As discussed, Venus Retrograde (which began March 1), in the sign of Aries (ruled by Mars), true to form, has resulted in a strong market pullback (please review our recent Planet Power - Venus Retrograde blog, dated 2-17-25, for more details). The continued aggressive Mars energies while Venus transits between Aries and Pisces suggests continued volatility. Aries “season” is now on the horizon as well (beginning March 21), and is often associated with fast beginnings, that quickly fade, so continue to be aware of potential “false breakouts,” and short-term rally reversals. During this retrograde, Venus will temporarily return to Pisces (from March 29 to April 16), again mixing these opposite energies.

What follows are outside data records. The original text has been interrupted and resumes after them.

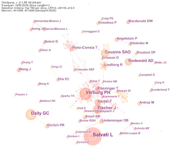In the mapping knowledge domain of author cooperation in CiteSpace, there were 1058 nodes and 1408 lines that connected the nodes. Among them, 18 authors published more than ten articles. Salvati, who published the largest number of articles, had 47 articles included in the WoS database. Moreover, there were relatively dominant academic associations. Among them were Verburg, Plieninger, Fischer, Hartel, Hanspach, and some other authors (Figure 2). Their academic backgrounds include agriculture, environmental geography, ecology, agricultural sociology, landscape ecology, etc., showing the interdisciplinary relationships.
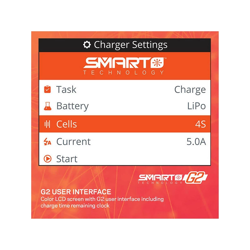 Aby bylo nabíjení co nejpohodlnější, má nabíječ Spektrum™ S155 Smart G2 AC barevný LCD displej s vylepšenými nabídkami, ikonami a navigačními nástroji. Jeho intuitivní rozhraní umožňuje uživatelům sledovat průběh nabíjení a snadno provádět změny nastavení. Hodiny na obrazovce odpočítávají minuty v reálném čase, dokud není vaše baterie Smart plně nabita a připravena k použití.
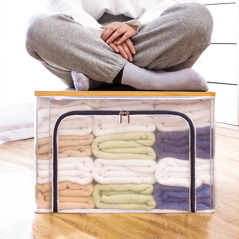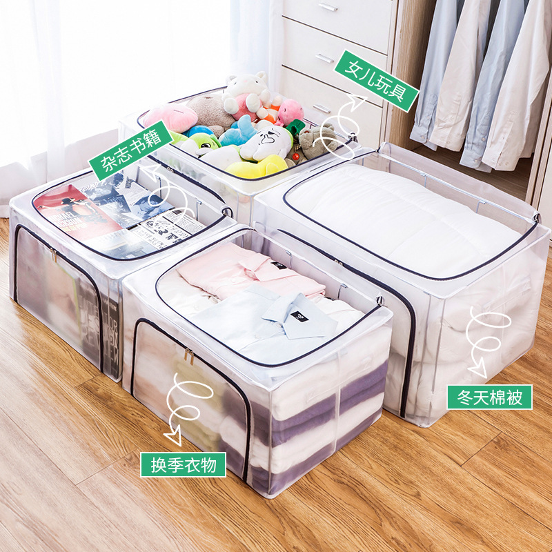 优芬pvc收纳箱可折叠钢架箱棉被衣服储物箱卧室居家大容量百纳箱

As also noted, the planet Mercury has now turned retrograde (on Friday, March 14), which will last through April 7), while also in the sign of Aries. Mercury retrograde often results in added confusion and/or multiple price reversals (sudden major rally on Friday), signifying mixed communications. As both planets will move back and forth between Pisces and Aries during their retrogrades, it is likely to jumble the energies of both signs, further distorting the clarity of the markets. Mercury and Venus were conjunct on March 9, and the very next day (Monday, March 10), saw a huge market drop of 155 points on the S&P. They will again conjunct on Friday, March 28. Expect more tumultuous price action with this active sky, together with all the personal planets’ changes of direction. Reducing share size on holdings and/or trades might be a consideration for those with a shorter-term investment time frame. Be especially cautious of “false breakouts” during this activity, as trading is more difficult.

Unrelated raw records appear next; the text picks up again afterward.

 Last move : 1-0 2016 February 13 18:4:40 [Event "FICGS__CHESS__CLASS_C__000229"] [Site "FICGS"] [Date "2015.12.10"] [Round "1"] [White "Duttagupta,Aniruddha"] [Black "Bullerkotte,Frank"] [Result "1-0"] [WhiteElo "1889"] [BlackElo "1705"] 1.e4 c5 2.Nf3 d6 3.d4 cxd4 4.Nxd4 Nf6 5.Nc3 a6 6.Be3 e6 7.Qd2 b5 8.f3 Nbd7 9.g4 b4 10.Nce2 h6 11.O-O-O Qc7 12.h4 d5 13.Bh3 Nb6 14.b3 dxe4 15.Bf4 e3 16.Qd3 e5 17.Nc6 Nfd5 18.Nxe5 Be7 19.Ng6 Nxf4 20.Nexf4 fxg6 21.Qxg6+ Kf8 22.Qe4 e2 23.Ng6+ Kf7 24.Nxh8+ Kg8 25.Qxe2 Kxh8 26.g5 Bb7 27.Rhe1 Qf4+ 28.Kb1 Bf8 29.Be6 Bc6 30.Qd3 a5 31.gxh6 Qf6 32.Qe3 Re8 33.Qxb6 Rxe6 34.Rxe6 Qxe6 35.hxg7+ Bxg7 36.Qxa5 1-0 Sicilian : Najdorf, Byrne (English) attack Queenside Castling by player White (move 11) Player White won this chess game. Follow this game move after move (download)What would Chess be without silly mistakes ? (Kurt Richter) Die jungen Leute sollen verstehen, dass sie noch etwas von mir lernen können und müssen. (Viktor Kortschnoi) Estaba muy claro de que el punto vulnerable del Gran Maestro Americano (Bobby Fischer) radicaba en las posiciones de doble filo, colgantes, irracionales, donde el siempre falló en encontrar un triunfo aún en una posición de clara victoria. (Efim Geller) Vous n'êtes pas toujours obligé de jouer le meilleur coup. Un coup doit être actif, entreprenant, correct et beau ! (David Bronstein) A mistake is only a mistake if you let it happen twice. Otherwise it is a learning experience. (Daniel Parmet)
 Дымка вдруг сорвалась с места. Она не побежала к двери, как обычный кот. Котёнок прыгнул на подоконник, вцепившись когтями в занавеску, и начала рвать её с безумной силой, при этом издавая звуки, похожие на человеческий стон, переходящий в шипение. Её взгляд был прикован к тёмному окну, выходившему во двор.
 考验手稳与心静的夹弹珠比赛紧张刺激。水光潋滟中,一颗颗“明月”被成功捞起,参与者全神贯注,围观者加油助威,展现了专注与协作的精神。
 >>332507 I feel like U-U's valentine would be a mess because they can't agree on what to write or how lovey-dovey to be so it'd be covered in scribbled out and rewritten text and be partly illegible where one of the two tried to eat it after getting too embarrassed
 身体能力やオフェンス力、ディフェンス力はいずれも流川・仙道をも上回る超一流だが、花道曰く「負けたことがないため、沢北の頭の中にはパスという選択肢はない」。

Look for sectors such as financials, defense, pharmaceutical, insurance, communications, technology, gold/silver, and cryptocurrencies to continue to be in focus, again with likely continued volatility. For sustained rally’s, it is usually important for financials and technology to remain strong. In the longer term, certain subsectors of the technology industry are likely to continue their advance into the future, including AI, robotics, quantum computing, and space development (with Pluto in Aquarius, and Uranus upcoming ingress to Gemini in mid-2025).
Gold (ruled by the Sun), and Silver (ruled by the Moon), resumed their upward climb again this week, as the dollar remained weak, after recently pulling back from all-time highs. As we noted the last few weeks, the bullish cycle is getting rather old, supporting a pullback or consolidation. Mars’ transit through Cancer, which resulted in gains on the previous occasion (from early September to early November of 2024), continues through early April. As we have expressed in recent months, any pullback in these metals will likely be short-lived (as long as the dollar remains weak) and they continue to be long-term buying opportunities on any declines. The Gold to Silver Ratio (covered in our publication) fell slightly by weeks end, from 89.5 to 88.3, indicating gold value was gaining on silver over the last few weeks.
***As always, this information is not intended to be financial advice, or any specific buy or sell recommendation, but rather a guide to assist the reader in some further understanding of current economic conditions/movements in the sky, and how they can affect moods, behaviors, world events, and financial markets.